Among the seminarians who had been told to hurry, only 10% stopped. Among those with time to spare, 63% stopped. One student, in his rush, literally stepped over the suffering man without acknowledging his existence.

Here’s what makes it interesting: the students who claimed they were motivated to be in the clergy for intrinsic reasons — because they felt a strong drive to help others — were no more likely to stop than anyone else. A simple situational factor, whether a person was in a hurry or not, played the dominant role in determining what they actually did.

They were on their way to preach about helping. And they walked straight past someone who needed it.

Researchers call this “narrowing of the cognitive map.” When we speed up and feel rushed, we miss details. We’re not present enough to notice what’s actually happening, what might be important.

Rush doesn’t just make us less present. It makes us less human.

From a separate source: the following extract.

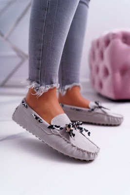 +2Mokasyny Damskie Zamszowe Komfortowe Szare Buggy
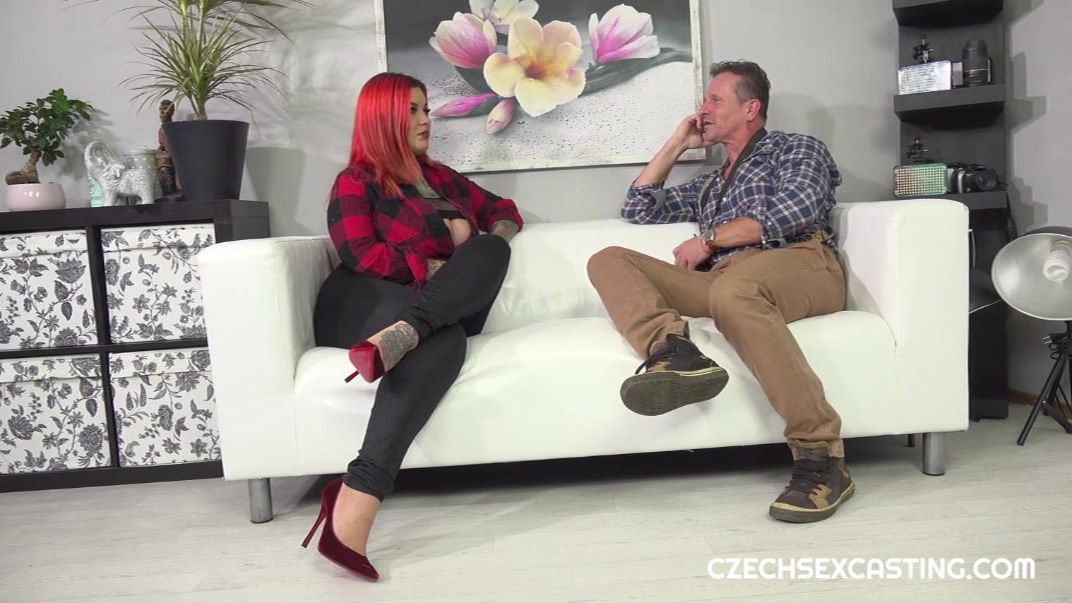 Ginger Head GF Gets Down to Her BF's Dick and Sucks It

And here’s where the mountain turned the mirror on me🪞

On the way back down — me moving faster now, trying to get back and start my day, trying to get back to “getting things done” — my friend stopped to say hello to people on the path. Chatted. Lingered. Noticed.

I kept moving.

Without realizing it, I had become the rushing person. Trying to optimize, chasing meaning, directed to the next thing every moment. Terrified of wasting time of my life. So focused on being present that I was present for none of it.

My friend said something very insightful at the end of the hike:

“I think you might need to let go of that need for control a bit — to let life bring to you what’s meant to be there. That’s how I used to be.”

I knew he was right.

But it took someone holding up a mirror for me to see what I couldn’t notice myself.


This reminded me.

No matter how many tools you practice. No matter how many years of self-work you accumulate. You will still drift. You will still rush without noticing. You will still remain human.

Which means you have to design the moments where you stop.

Not to get something. Not to extract meaning or optimize the pause. Just to stop. To recalibrate. To be available to whatever life is trying to put in your path.

Meditation masters don’t eliminate anxious thoughts. They just return to calm faster — because they know it’s always there. One shift of attention away.

Maybe that’s the whole practice. Not eliminating the rush. Just catching it sooner.


What has the rush been costing you, and what would you notice if you slowed down enough to look?